To do » Copy the lines of the data below exactly, starting at the first and stopping after the line that contains "BASN in Ear"; include no pictures.

========

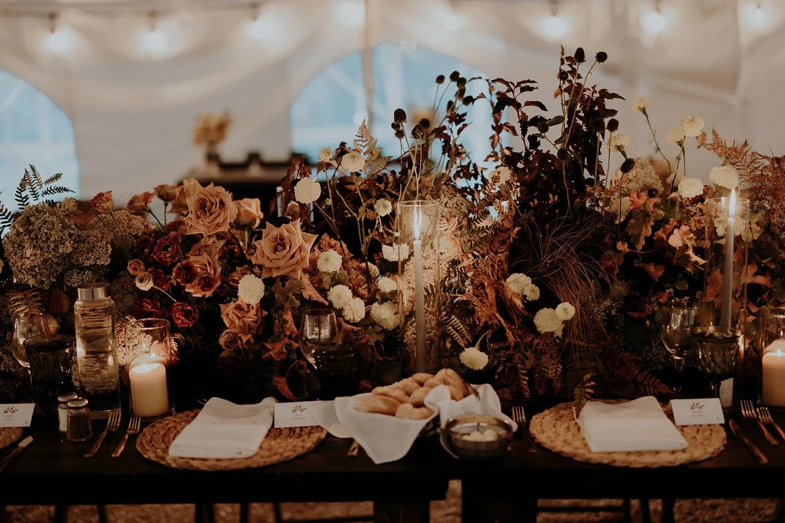 Use of our all our stuff, like ceremony seating and a stage with arch, cocktail tables, vintage furnishings and lounge seating, bars, harvest tables, tent, cafe and string lights all around
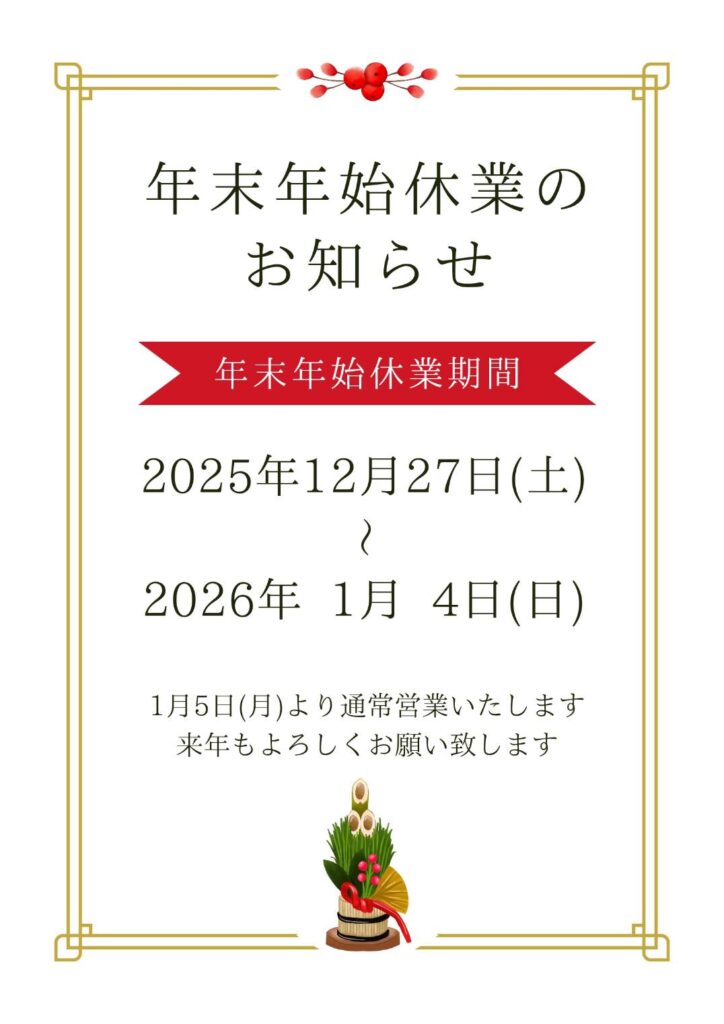 年末年始休業のお知らせ 投稿日 2025年12月18日 著者 koseki_admin カテゴリー お知らせ シェア ツイート LINE 誠に勝手ながら、下記の期間を休業日とさせていただきます。 大変ご迷惑お掛け致しますが、何卒ご理解頂きますようお願い申し上げます。 2025年12月27(土)~2026年1月4(日)
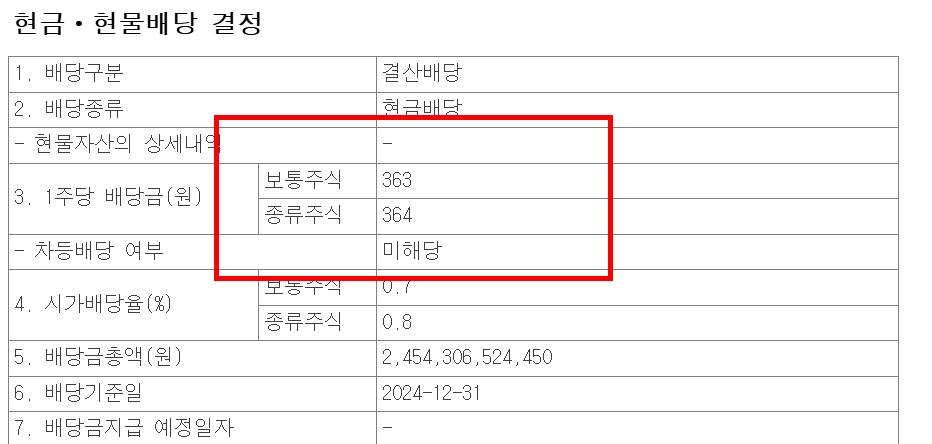 | 배당금 | 365원 | 367원 | 361원 | - |
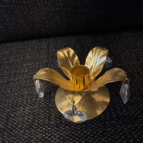 Vanha kristallikoristeinen siro kynttilänjalka
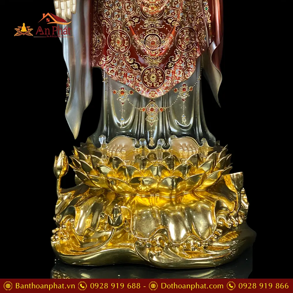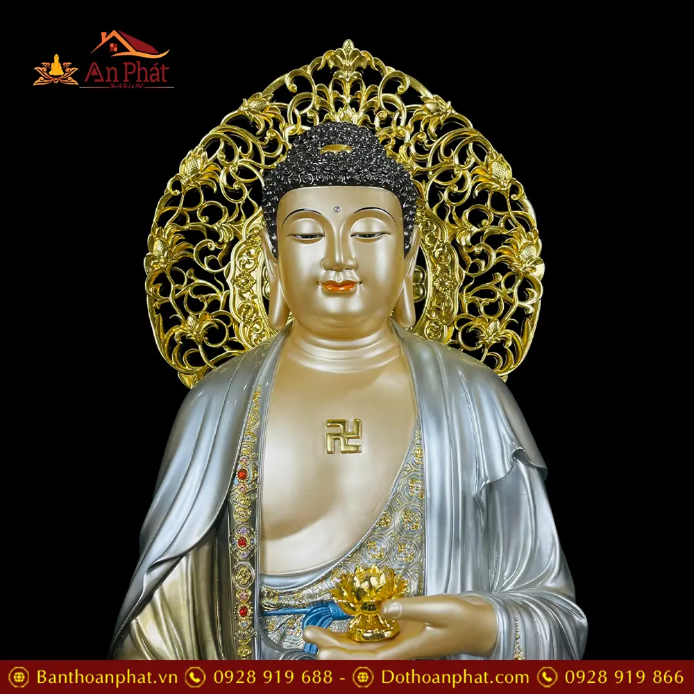 Tượng A Di Đà Bằng Đồng Men Cổ Ấn Bảo Đứng Đế Non Nước Có Lá Bồ Đề T2536
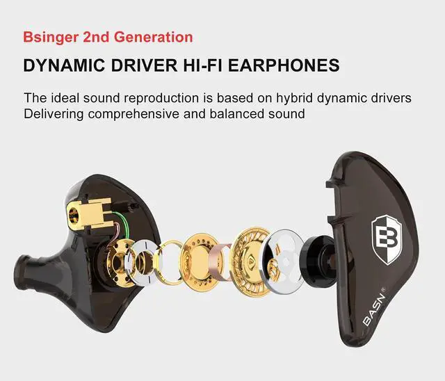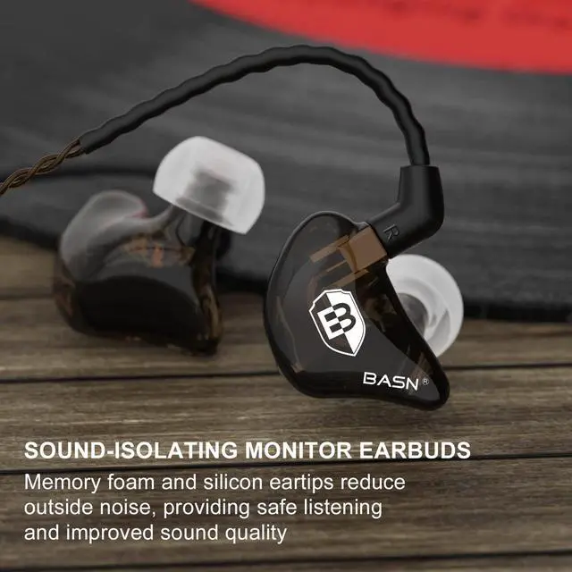 BASN in Ear Monitor Headphones for Musicians, Bsinger 2nd Generation Sound Isolating Earphones with Dual Dynamic Drivers Detachable MMCX Cable (Brown)
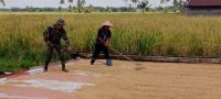 Pelalawan – Babinsa Koramil 15/Kk Kodim 0313/Kpr membantu petani yg sedang menjemur padi usai dipanen beberapa waktu lalu. Terlihat Babinsa Serda Vico ikut bersama bapak slamet (petani) menjemur padi di Desa Teluk Kecamatan Kuala kampar Kab. Pelalawan, Selasa (26/08/2025).
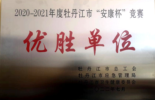 2022年7月8日,我公司榮獲牡丹江市2020-2021年度安康杯競賽“優(yōu)勝單位”榮譽(yù)稱號,標(biāo)志著我公司安全工作取得可喜成效。
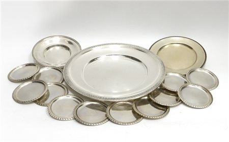 Lotto composto da tre piatti tondi e dodici sottobicchieri in argento con bordi
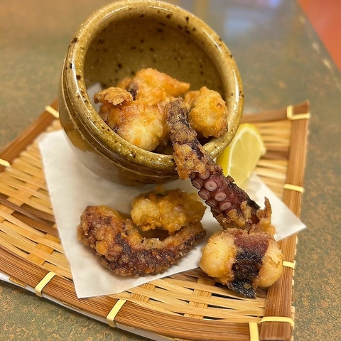 タコ壺から、タコがにょろり・・・!ちょっと待ったー!!カリッとジュワッと!噛むほど広がる旨み。
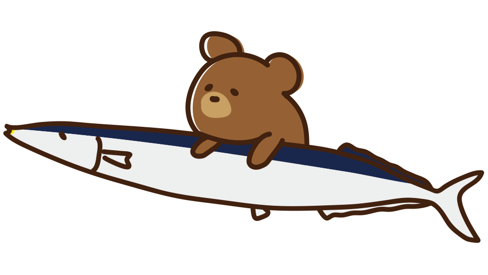 秋の味覚の秋刀魚に乗っているクマです。新鮮な秋刀魚なので口先が黄色くなっています。
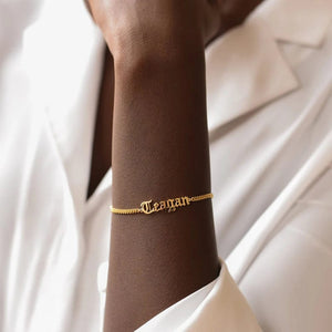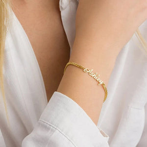 Entdecken Sie unser Armband Kette mit Namen, ein atemberaubendes Stück personalisierter Schmuck, das es Ihnen ermöglicht, Ihre Identität mit Stil zu tragen. Gefertigt mit exquisiter Liebe zum Detail, verfügt dieses Armband über eine zarte Kette, die mit einem anpassbaren Namensschild verziert ist und somit zu einem wirklich einzigartigen und bedeutungsvollen Accessoire wird. Ob es Ihr eigener Name ist oder der eines geliebten Menschen, dieses Armband ist eine wunderschöne Möglichkeit, Individualität zu feiern.
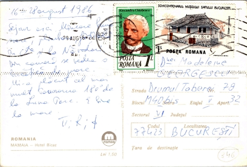 • Data expedierii: 27 august 1986
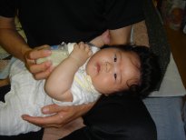 4ヶ月健診に行ってきました♪場所は区の保健所で受付時間は8:45~10:00まで。8時半には出たいなぁ…と思ってたけど、今日に限ってみちゃの起床8時(--;家を出たのは9時前でした。電車か車か…と悩んだけど、車で行くことに。今日は健診に行くので、歯医者は明日にしようと思ってた。バタバタしなくて良いから。その私の考えとは裏腹に、月曜日の夜から右下の歯が痛くて仕方ない。火曜日は歯医者さん、お休み(T_T)一日我慢したけど、昨日の夜から痛くて眠れないし、頭まで痛くなってきた。アゴから耳の辺りまで痛くて仕方ない。痛みに並はあるけど、我慢できひん…って事で、健診終了後、家に寄らずに実家に行くことにしたので車。保健所に9時過ぎに到着。受付でカルテの記入。転居してきてるので、保健所にお世話になるのは初めてだから、書かなきゃいけないらしい。受付を済ませてから、最初の部屋へ。色々聞かれたけど、子供可愛くないと思う事があるかって質問があった。それはない。こんな可愛い生き物はいない(笑)腹が立つこともあるけど、可愛くないなんて思わない。可愛くて仕方ない♪そういえば「近所に友達はいるか」って質問もあった。「いません」って答えたら「引っ越して来られたから仕方ないですね」って。そう…。引っ越して来なきゃ何とかなったというのにっ。前に住んでたマンション、みちゃと同級生になる子が2人もいた(T_T)児童館とか利用してみて下さいねって。案内の所に行ったら、近所の児童館のチラシだけが残ってなかった(--;次はオムツ一枚になって身長、体重、頭囲の測定。BCGの時と違って、みちゃは全く泣かずにオムツ一枚になってもご機嫌~。雰囲気が違うから? 出生時1ヶ月健診時4ヶ月健診時体重3450g4106g7320g身長48.1cm52.0cm62.8cm頭囲35.3cm34.0cm41.3cm胸囲35.0cm36.0cm測定なし。なんで?頭が生まれた時より1ヶ月健診の方が小さいのは前から謎なんだけど(笑)3ヶ月で慎重派10cmも伸びた。すごいな~。次は診察。待ってるときに隣に座ってたお母さんとお話しした。みちゃとは6日違いの男の子。住んでるトコは遠かったなぁ…。保健所から近いトコに住んでる人だったし。ついたての向こうから号泣する声に、2人で何されるんだろうね?なんて。先生は2人。みちゃが診てもらった先生は若い先生。結構カッコよかった(笑)寝かされて「何されるの~?」って感じだったけど、聴診器に興味津々。胸にあてられたのを掴む。それを離されると聴診器のホース(?)を握る…(^_^;)握ったまま終了。うつ伏せは「しっかりしてるな~」と褒められて、みちゃご満悦。キョロキョロと頭を動かして、にーっと笑顔。他の項目も問題なし。私が卵を食べた後、おっぱいをあげるとブツブツが少し出ることを相談したら、控えた方が良いかもってことだった。この後は離乳食の進め方の話を聞いて、母子手帳を返してもらってお終い。私の母子手帳は前の市でもらったから、黄色。今の所はピンクだから目立って分かりやすい(^_^;)結局お話しできたのは一人だけ。何か夫婦で来てたり、おかあさんと来てる人が多かったし、終わったらみんなさっさと帰っちゃって話せなかった。ちょっと残念だったな。実家に戻ってみちゃを預けてから歯医者へ。戻って来たら、「今日は帰る?泊まる?」と母から聞かれた。弟は会社の飲み会らしく、夕飯が要らない。泊まるなら買い物に行かねばならないって事だった。自宅は暑い、実家は涼しい、ダンナくんは金曜日まで帰らない。「泊まる」ダンナくんには実家に泊まるってメールしておいた。一応、所在は伝えておかないとねぇ(^_^ゞ タオル、大好き

========

Result »
 Use of our all our stuff, like ceremony seating and a stage with arch, cocktail tables, vintage furnishings and lounge seating, bars, harvest tables, tent, cafe and string lights all around
 年末年始休業のお知らせ 投稿日 2025年12月18日 著者 koseki_admin カテゴリー お知らせ シェア ツイート LINE 誠に勝手ながら、下記の期間を休業日とさせていただきます。 大変ご迷惑お掛け致しますが、何卒ご理解頂きますようお願い申し上げます。 2025年12月27(土)~2026年1月4(日)
 | 배당금 | 365원 | 367원 | 361원 | - |
 Vanha kristallikoristeinen siro kynttilänjalka
 Tượng A Di Đà Bằng Đồng Men Cổ Ấn Bảo Đứng Đế Non Nước Có Lá Bồ Đề T2536
 BASN in Ear Monitor Headphones for Musicians, Bsinger 2nd Generation Sound Isolating Earphones with Dual Dynamic Drivers Detachable MMCX Cable (Brown)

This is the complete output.